The transformation of the Flavian Amphitheater during its original function and in subsequent uses.
[Rota Colisei / The valley of the Colosseum across the centuries] The theme of this publication is the transformation of the Flavian Amphitheater, during its original function and in subsequent uses. Particular attention has been paid to the delicate moment of transition from one function to the next, between the period of late antiquity and the Middle Ages, when the future destiny of the monument began to clearly emerge.
Therefore the book is organized in three separate chapters. The first is on the Colosseum during its original use as an amphitheater, reconstructing the historical knowledge that has been assembled and indicating paths of future research.

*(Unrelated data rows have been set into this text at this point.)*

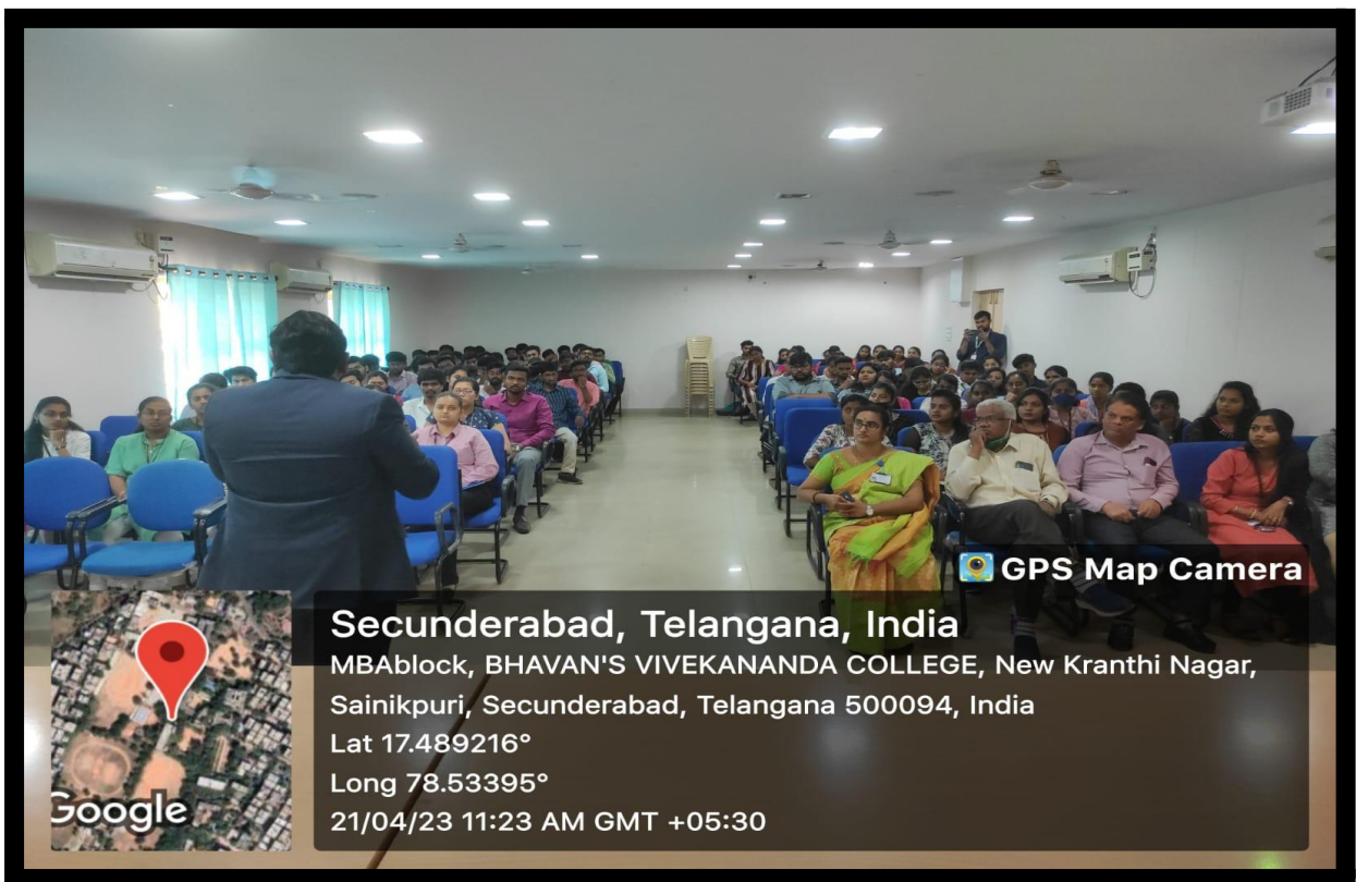
Speaker explaining about the significance of entrepreneurship to students of MBA 1 st year.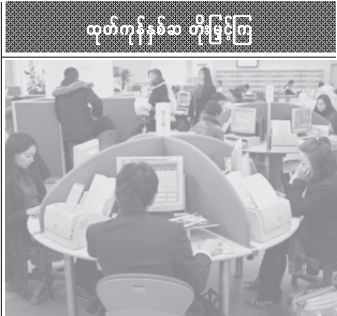
This 28 January 2005 file picture shows Japanese youth search for jobs at Young Hellowork at Shibuya, known as the "Town of youth" in Tokyo.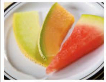
Trio of Melon

AVAILABLE DAILY - UNLIMITED SALAD, FRESHLY BAKED BREAD, FRUIT YOGHURT, FRESH FRUIT PLATTER & CHILLED WATER. FOR ALLERGEN INFORMATION,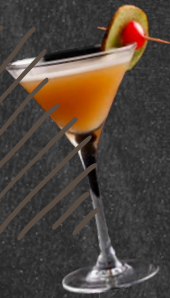
NINOU'S DELIGHT 6.00

Tequila, Blue Curacao, Triple Sec, Bitter Lemon

The second approaches a new problem: the fate of the structure after the last spectacle documented by a source, in 523, traditionally indicated by historians as the year of the “closing” of the amphitheater, though there are other opinions on this matter. At the end of the Gothic Wars the first characteristics of a vast transformation in an extremely vital urban context. The book addresses the issues related to the Valley of the Colosseum, as it is impossible to approach a historical study of the monument without examining its immediate urban surroundings. The third chapter is on the definition Rota Colisei, starting in the 12th century, when this unity of monument and valley was clearly evident in late medieval Rome. The Rota Colisei indicated the administrative urban division from the confines beyond the Valley of the Colosseum. The book offers complete examination of the materials that have emerged from the first late medieval archaeological deposits identified in the amphitheater.